Source: Deep Learning on Medium
Setting Up a Multi-GPU Machine and Testing With a TensorFlow Deep Learning Model
In the past I have built a single GPU computer using a GeForce GTX 1080 and trained several deep learning models. Recently I have had the opportunity to build a multi-GPU computer for some deep learning and multi-GPU processing use cases. In the following article I will walk you through the set-up and we will train a TensorFlow model accessible via TensorFlow’s GitHub page.
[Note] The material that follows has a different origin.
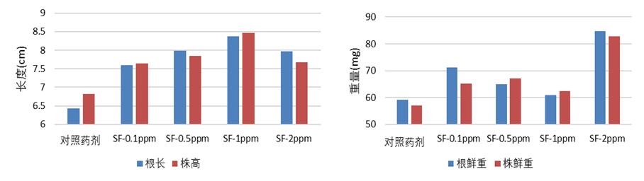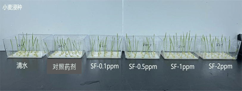 (2)針對小麥作物:浸種處理后發(fā)現(xiàn),試驗范圍內(nèi)的花粉多糖對小麥株高、根長、株重、根重均具有促進作用,其中在2 ppm處理下,相比陽性對照處理,花粉多糖處理后小麥株高、根長、株重及根重分別增長12%、24%、45%、43%。

Hardware specs and OS of the build
The CUDA Toolkit and Nvidia Driver was needed to utilize my graphics cards. I ran into an issue where I initially install CUDA Toolkit 10.1 which is the second latest version at the time of this article but had some compatibility issues with TensorFlow so I downgraded to 10.0. It is very important to check out the compatibility charts of what CUDA Toolkit and Driver are compatible and what TensorFlow works with specific CUDA versions. The driver I ended up choosing was 435
Here is a compatibility chart with each CUDA Toolkit version and the Nvidia Driver version
So, since we have the CUDA version and Nvidia driver picked out we will need to start the process of installing everything. Start with a update and upgrade, Ubuntu libraries, and verify the graphics cards are available. If you run the command “lspci | grep -i nvidia” and don’t see the cards. Reboot the PC and run the command again.